Waldheim, who returned to New York Friday after a three-day visit to Iran, flew to Washington yesterday afternoon to report to Carter on his mission. He met in the Oval Office of the White House with the president, Secretary of State Cyrus R. Vance, national security affairs adviser Zbigniew Brzezinski and Donald McHenry, U.S. ambassador to the United Nations.

The Dec. 31 resolution on sanctions also called on Waldheim to travel to Iran in an attempt to obtain the release of the hostages who have been held by militant Iranians in the embassy since Nov. 4. The militants, with the backing of Iran's revolutionary leader, Ayatollah Ruhollah Khomeini, are demanding that the deposed shah be returned to Iran to stand trial for his "crimes" against the Iranian people before the hostages are released.

The resolution called for the imposition of economic sanctions against Iran if Waldheim's mission should fail, which it did, but did not specify what those sanctions would be.

The resolution was adopted by an 11-to-0 Security Council vote, with the Soviet Union among those abstaining.

Among the questions that cloud the future of a new resolution imposing sanctions is the possibility of a Soviet veto, particularly in light of deteriorating Soviet - American relations brought on by the Soviet invasion of Afghanistan.

The possibility of a special U.N. commission to investigate the shah as part of an arrangement to free the hostages was raised earlier yesterday by Waldheim on the television program "Issues and Answers" (ABC, WJLA).

"There are two aspects," he said. "We want the hostages -- not only the Americans, the international community wants the hostages.
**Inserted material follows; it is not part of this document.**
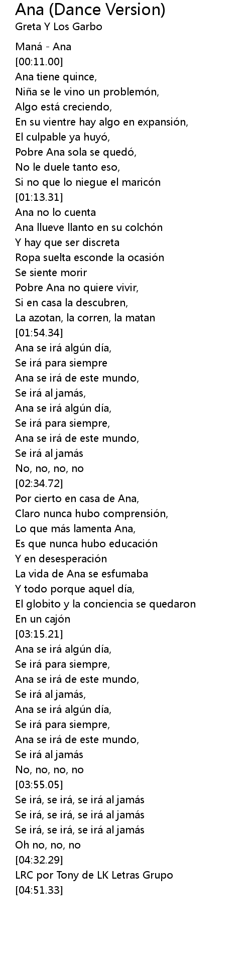 | [02:51.33] | Lo que ma s lamenta Ana, |

The Iranians want the shah and want an inquiry into the violations of human rights by the previous regime. So we have to work out some sort of package deal which makes it possible that we get the hostages, but we also have to accept something which satisfies the Iranians."

Waldheim said he discussed the idea of a U.N. commission with Iranian Foreign Minister Sadegh Ghotbzadeh, and Iran's Revolutionary Council and that all agreed it "would be a possibility." Although earlier in the interview Waldheim described the militant students who hold the hostages as out of the control of Ghotbzadeh, the Revolutionary Council and possibly even Khomeini, he said the suggestion "will hopefully have the approval of the students."

Waldheim will report to the Security Council today on his mission to Iran, and yesterday, before meeting with Carter, said that he would raise the U.N. commission as a "possibility" but not a recommendation.

In the interview, Waldheim also voiced skepticism that the imposition of economic sanctions on Iran will have any effect on that country's leaders.

"Quite frankly, I am doubtful whether it will solve the problem," he said. "I raised the matter with Iranians . . . And they say: 'We couldn't care less. It wouldn't do harm to us.'"

Waldheim refused to say whether he was allowed to see U.S. Charge d'Affaires Bruce Laingen, who is being held at Iran's foreign ministry. The militants at the embassy have demanded that Laingen be turned over to them for questioning.

The U.N. secretary general was not allowed to see the embassy hostages, and yesterday he provided a gloomy assessment of the chances of winning their release soon, saying this may take weeks or even months.

He said the hostages are not in "immediate danger," but that they would be endangered if the U.S. resorted to military action.